### WHAT TO PRODUCE
From the data underneath, reproduce exactly the stretch that begins at the line with "अमित शहा यांना" and ends after the line with "Une table en".

### DATA FOR THE TASK
++++++

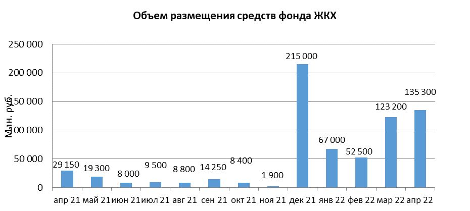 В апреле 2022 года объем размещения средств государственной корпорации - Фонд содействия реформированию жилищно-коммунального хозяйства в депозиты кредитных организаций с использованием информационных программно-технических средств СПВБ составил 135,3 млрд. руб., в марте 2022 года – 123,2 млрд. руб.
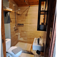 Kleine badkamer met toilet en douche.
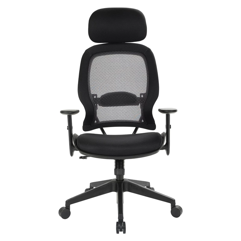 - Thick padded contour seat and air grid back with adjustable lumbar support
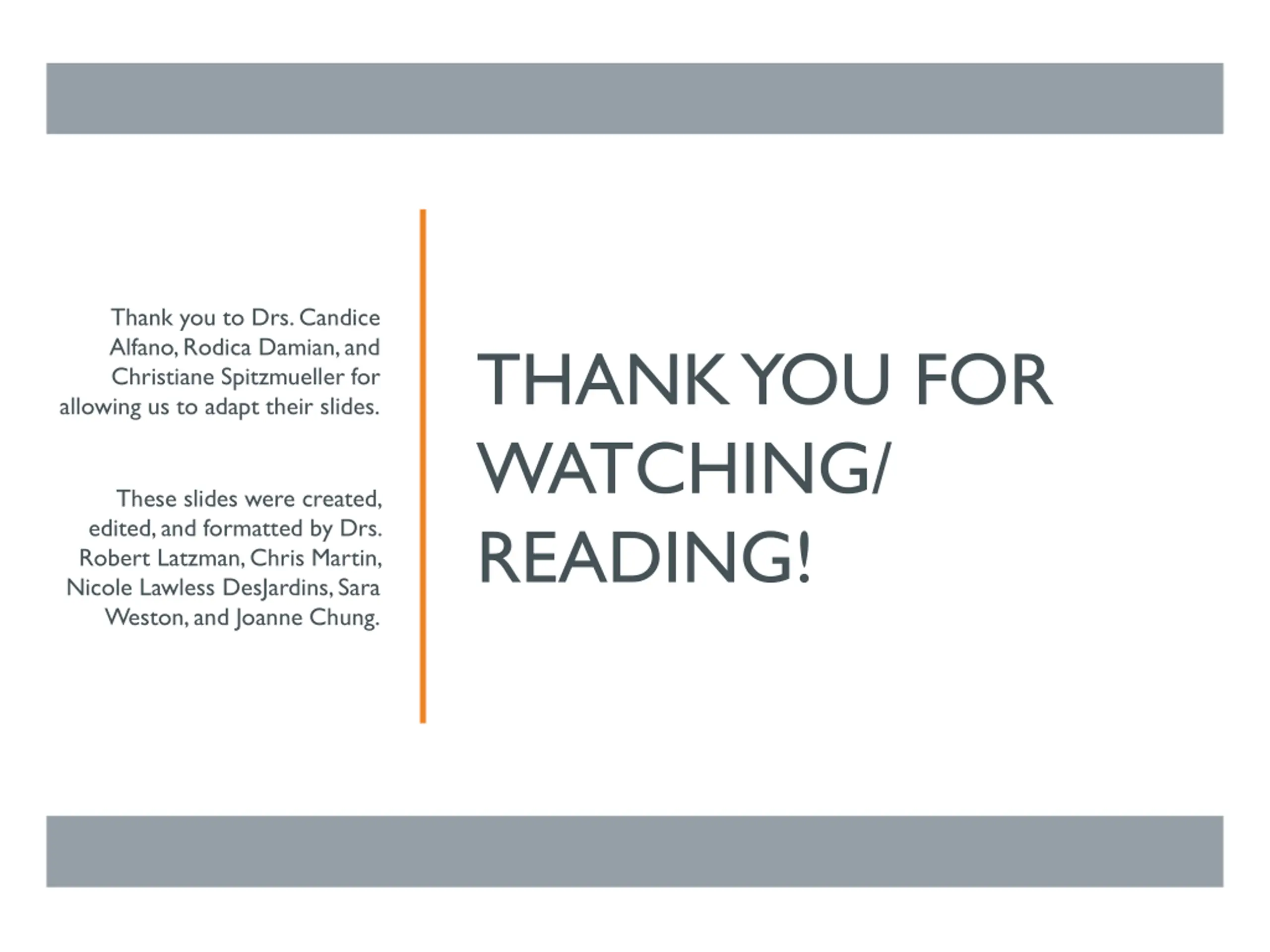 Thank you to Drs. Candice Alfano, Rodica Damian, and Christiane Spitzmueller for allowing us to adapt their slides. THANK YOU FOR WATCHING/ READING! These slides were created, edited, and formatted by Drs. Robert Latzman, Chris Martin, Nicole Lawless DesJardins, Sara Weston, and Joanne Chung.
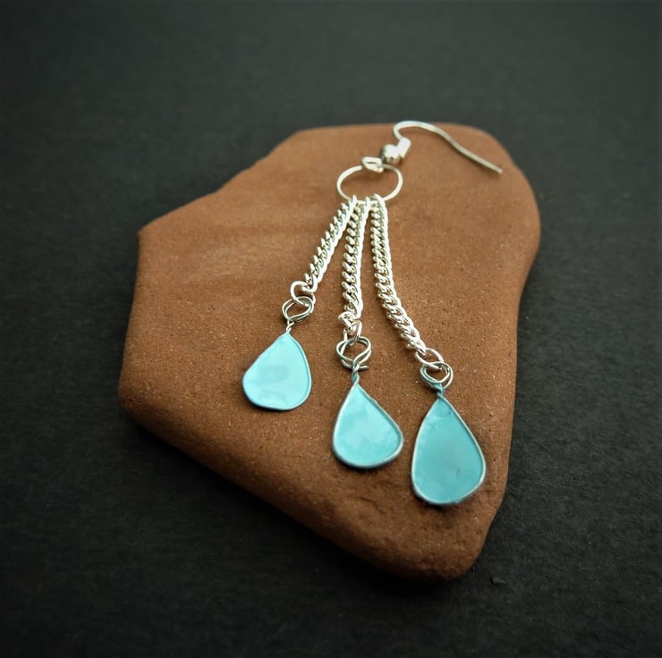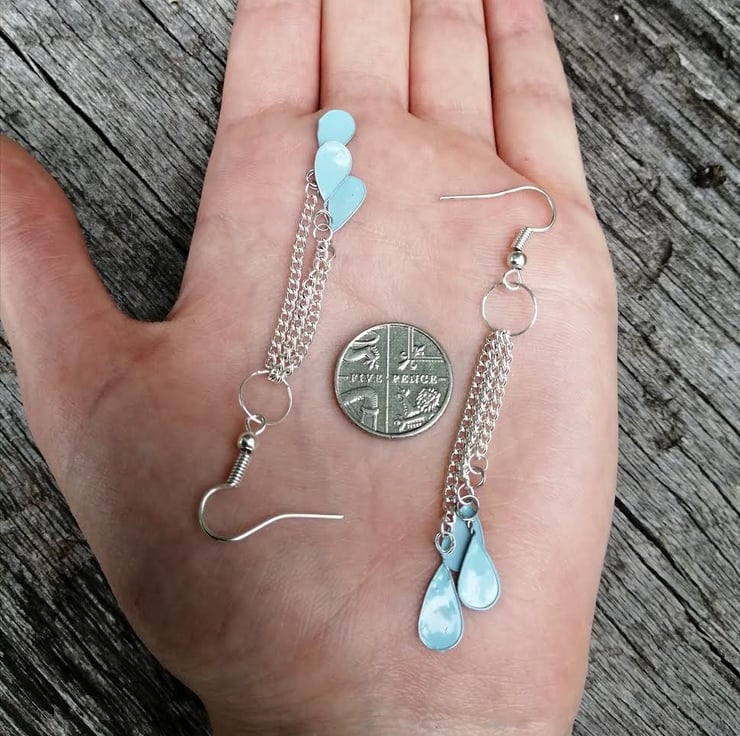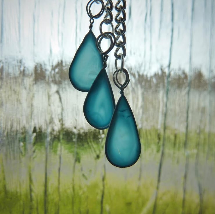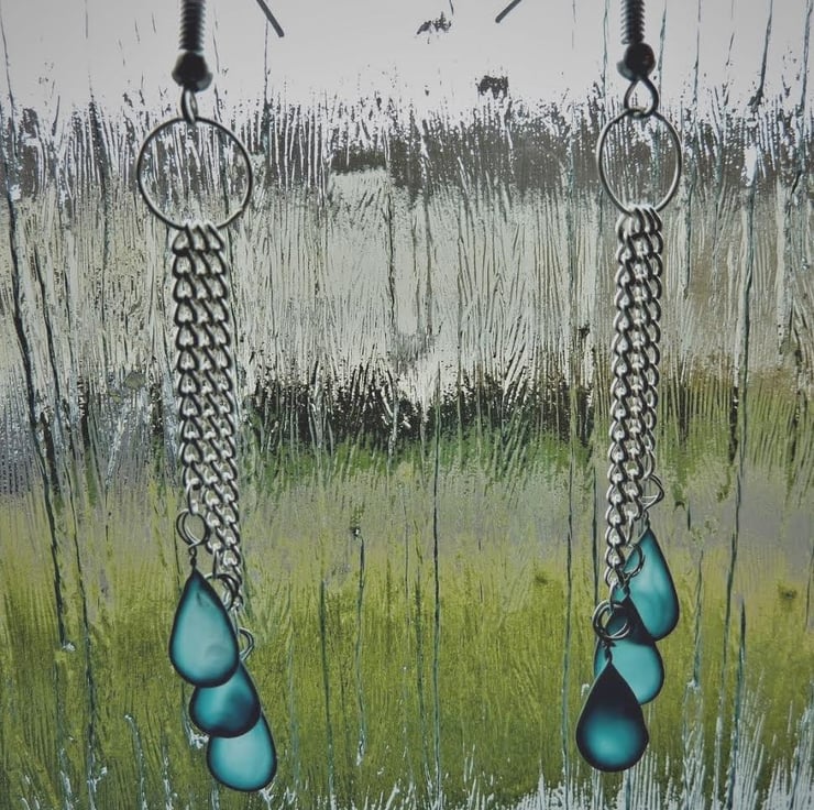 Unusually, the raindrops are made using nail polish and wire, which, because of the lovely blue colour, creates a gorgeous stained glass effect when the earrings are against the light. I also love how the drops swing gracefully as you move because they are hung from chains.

++++++

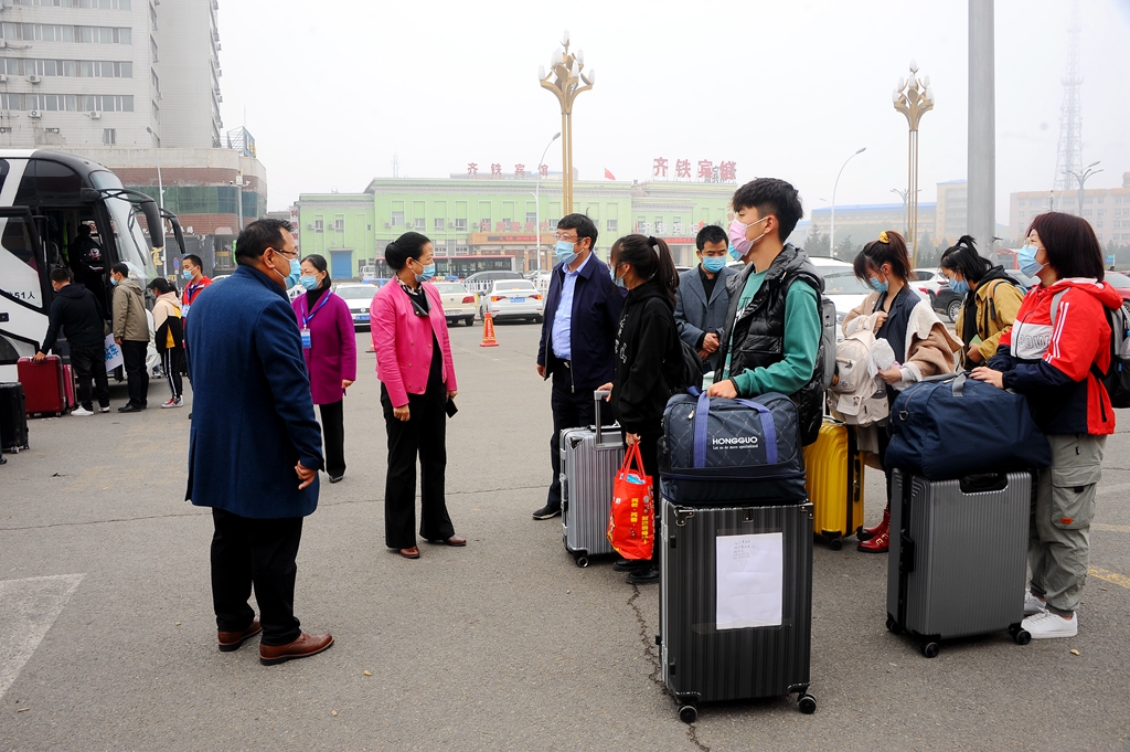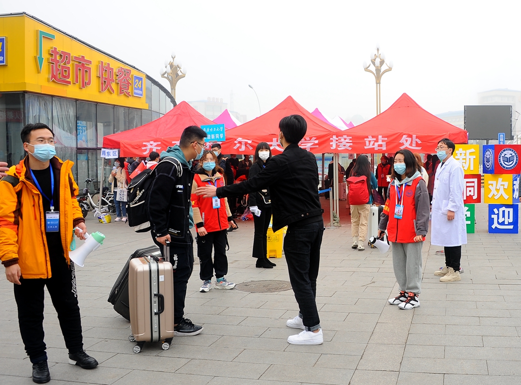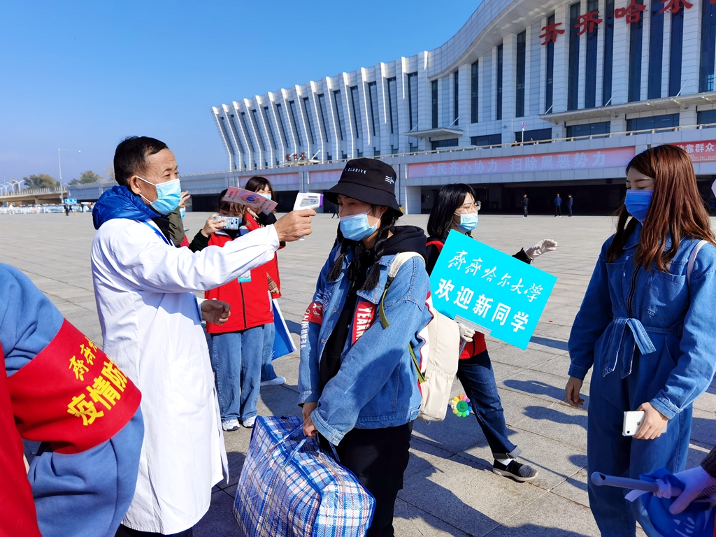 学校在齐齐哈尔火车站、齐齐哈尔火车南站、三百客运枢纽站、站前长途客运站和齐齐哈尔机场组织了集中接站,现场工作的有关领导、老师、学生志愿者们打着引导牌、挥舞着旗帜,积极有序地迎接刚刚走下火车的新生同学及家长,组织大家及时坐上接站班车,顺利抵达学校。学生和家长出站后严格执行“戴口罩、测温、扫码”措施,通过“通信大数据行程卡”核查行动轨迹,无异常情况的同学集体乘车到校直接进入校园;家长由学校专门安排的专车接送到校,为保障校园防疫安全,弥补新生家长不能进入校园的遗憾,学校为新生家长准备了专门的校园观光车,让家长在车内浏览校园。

++++++

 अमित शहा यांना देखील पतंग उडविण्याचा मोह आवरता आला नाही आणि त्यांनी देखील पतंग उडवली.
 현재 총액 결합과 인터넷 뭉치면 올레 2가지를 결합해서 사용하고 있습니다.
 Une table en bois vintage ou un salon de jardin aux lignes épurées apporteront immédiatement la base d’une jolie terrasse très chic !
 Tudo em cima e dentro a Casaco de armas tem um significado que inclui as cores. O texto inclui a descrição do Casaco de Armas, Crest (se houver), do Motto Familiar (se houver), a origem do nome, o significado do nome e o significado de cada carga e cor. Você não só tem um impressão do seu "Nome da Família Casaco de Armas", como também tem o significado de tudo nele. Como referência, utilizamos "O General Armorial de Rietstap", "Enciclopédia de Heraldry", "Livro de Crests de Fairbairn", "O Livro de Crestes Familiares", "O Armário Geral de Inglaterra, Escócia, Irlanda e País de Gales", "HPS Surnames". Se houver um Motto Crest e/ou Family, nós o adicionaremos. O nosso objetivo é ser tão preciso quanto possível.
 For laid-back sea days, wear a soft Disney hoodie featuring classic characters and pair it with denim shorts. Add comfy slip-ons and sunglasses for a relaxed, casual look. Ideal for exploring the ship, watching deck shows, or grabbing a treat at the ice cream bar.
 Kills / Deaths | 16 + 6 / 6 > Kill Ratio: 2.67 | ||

++++++

### ANSWER BOX
 अमित शहा यांना देखील पतंग उडविण्याचा मोह आवरता आला नाही आणि त्यांनी देखील पतंग उडवली.
 현재 총액 결합과 인터넷 뭉치면 올레 2가지를 결합해서 사용하고 있습니다.
 Une table en bois vintage ou un salon de jardin aux lignes épurées apporteront immédiatement la base d’une jolie terrasse très chic !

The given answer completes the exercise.